Among examples of electronic projection apparatus that utilize LCD spatial light modulators are those disclosed in U.S. Pat. No. 5,808,795 (Shimomura et al.); U.S. Pat. No. 5,798,819 (Hattori et al.); U.S. Pat. No. 5,918,961 (Ueda); U.S. Pat. No. 6,010,121 (Maki et al.); and U.S. Pat. No. 6,062,694 (Oikawa et al.). Each of these example devices employ an arrangement of color splitting dichroic components to separate R, G, B light to their respective channels for modulation. One or more separate LCDs are then used for modulation within each channel. An X-prism then provides RGB color recombination. Polarization beamsplitters are used to selectively direct polarized light within each color channel. Performance is enhanced using low-stress beamsplitter designs, with specialized polarization beamsplitters used for each color channel. In the above patents, various solutions are disclosed to address a range of problems, including mounting methods to minimize thermally induced stress, symmetrical designs to minimize contrast and color shading, compact designs which limit the overall projector size, and the addition of optics for manipulating polarization states in order to maximize brightness, for example.
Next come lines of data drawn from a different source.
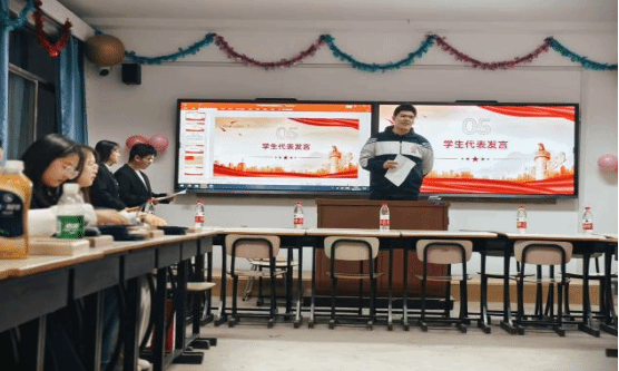 同学们齐诵《少年中国说》,整齐激昂,豪情万丈,每一个字都注入了青春的活力与力量,提醒在场的每一个人要将个人成长与国家发展相结合,以先辈为榜样,在未来的人生道路上积极进取,以青春活力书写对国家的忠诚与热爱。
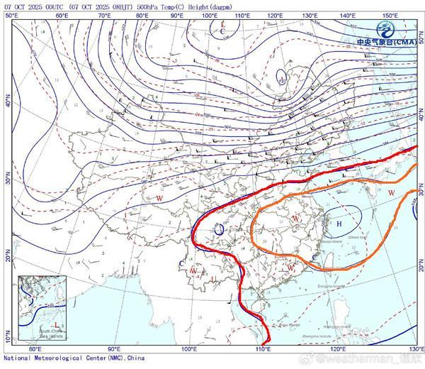 10月7日,副热带高压强得离谱,代表副热带高压的588线(图中红线)北界在甘肃南部至山东中部一带,592线(图中橙线)更是截止了福建、浙江、上海、江苏、安徽、湖北、湖南、江西等地。
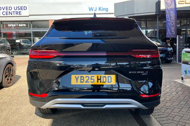 Discover the 2024 BYD SEAL U DM-i Comfort in stunning Obsidian black metallic, a stylish plug-in hybrid SUV designed for efficiency and comfort. With a combined fuel economy of 706.8 mpg and an impressive electric-only range of up to 77 miles, this SUV helps you minimise visits to the pump while reducing emissions. The smooth automatic transmission and front-wheel drive ensure a relaxed and capable driving experience, while the spacious interior accommodates five passengers comfortably. Practical luggage space ranges from 425 litres to a generous 1, 440 litres with the seats down, offering flexibility for any journey. Standout features include a panoramic sunroof, advanced ambient lighting, integrated 360-degree camera, smartphone wireless charging, and a premium sound system, enhancing every drive. Registered in June 2025, this used vehicle is an excellent choice for those seeking modern style with exceptional fuel efficiency. ULEZ compliant for clean city motoring.
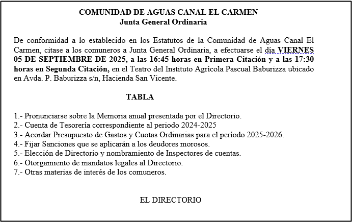 De conformidad a lo establecido en los Estatutos de la Comunidad de Aguas Canal El Carmen, citase a los comuneros a Junta General Ordinaria, a efectuarse el día VIERNES 05 DE SEPTIEMBRE DE 2025, a las 16:45 horas en Primera Citación y a las 17:30 horas en Segunda Citación, en el Teatro del Instituto Agrícola Pascual Baburizza ubicado en Avda. P. Baburizza s/n, Hacienda San Vicente.
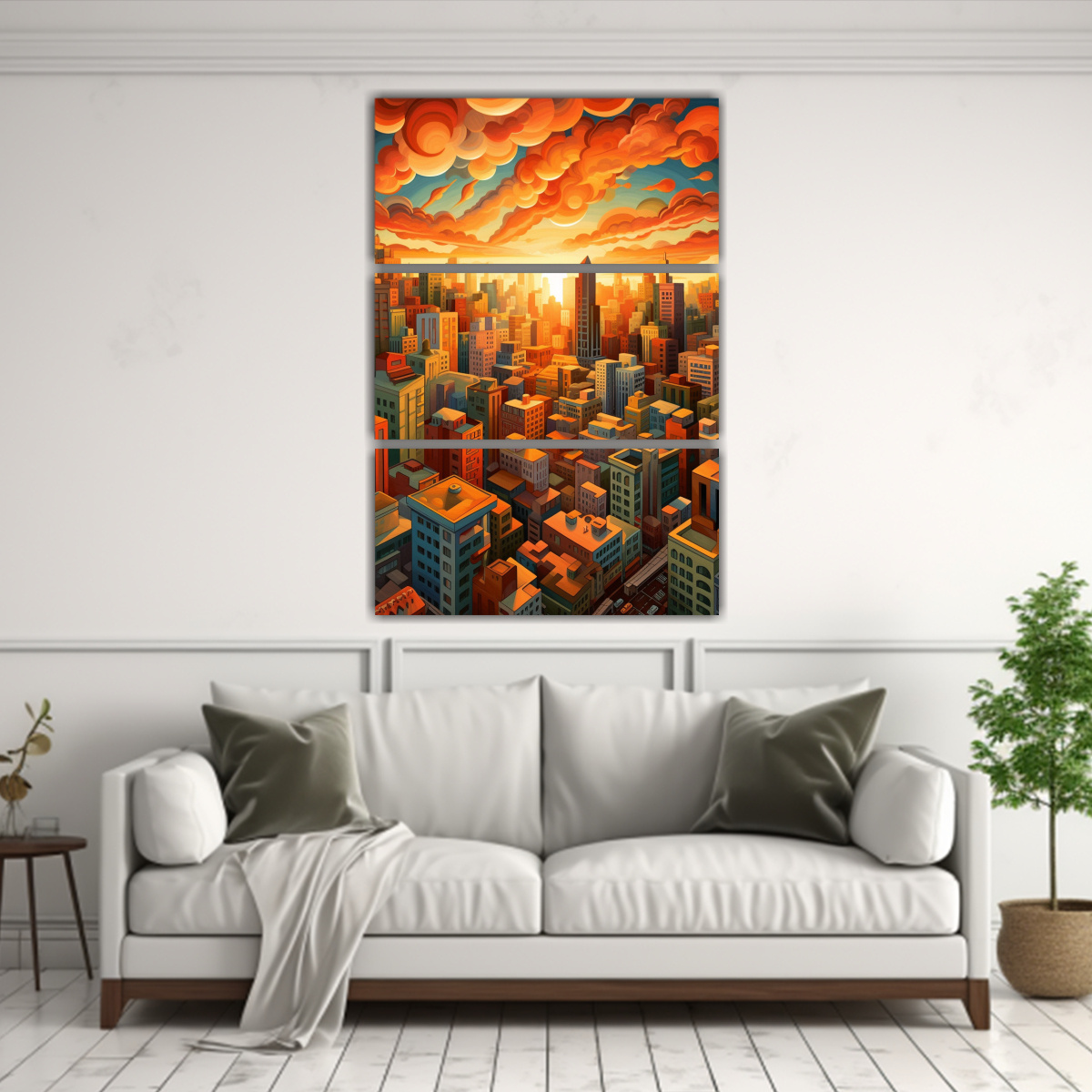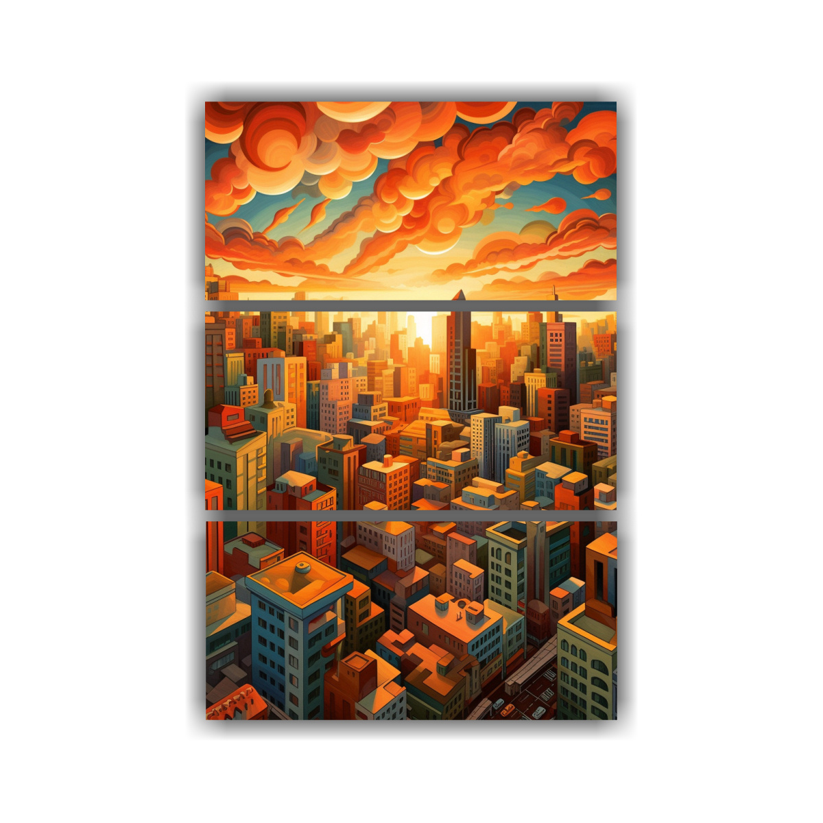 Pintura De Lienzo Decorativo Elegante De Ciudad Al Atardecer
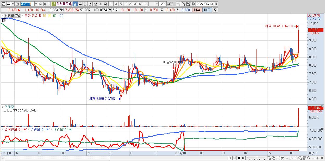 - 청담글로벌 (10,130원 ▲ 16.84% , 시총: 2,082억, 거래량: 10,353,719, 거래대금:1,031억, KOSDAQ)

As is clearly shown in the above patents, polarization separation optics, such as polarization beamsplitters, are key components for determining the overall optical performance of electronic projection apparatus. In order to provide the level of contrast necessary for this application, a polarization beamsplitter must provide a high extinction ratio between modulated and un-modulated light. The polarization beamsplitter must also be able to meet the demands placed on the system for brightness. However, existing polarization beamsplitters have not been shown to provide the performance necessary for successful commercial use with high-quality digital cinema projects. In particular, typical polarization beamsplitters do not perform equally well at all wavelengths across the visible spectrum, resulting in undesirable color shading and contrast effects under some conditions. Likewise, conventional polarization beamsplitter devices also suffer from reduced performance versus incidence angle (that is, limited numerical aperture), which in turn effects the capability of attaining desired screen brightness levels.
The most common conventional polarization beamsplitter solution, which is used in many projection systems, is the traditional MacNeille prism, disclosed in U.S. Pat. No. 2,403,731. This device has been shown to provide a good extinction ratio (on the order of 300:1). However, this standard prism operates only over a limited range of angles (a few degrees). Because the MacNeille prism design provides good extinction ratio for one polarization state only, a design using this device must effectively discard half of the incoming light when this light is from an unpolarized white light source, such as from a xenon or metal halide arc lamp.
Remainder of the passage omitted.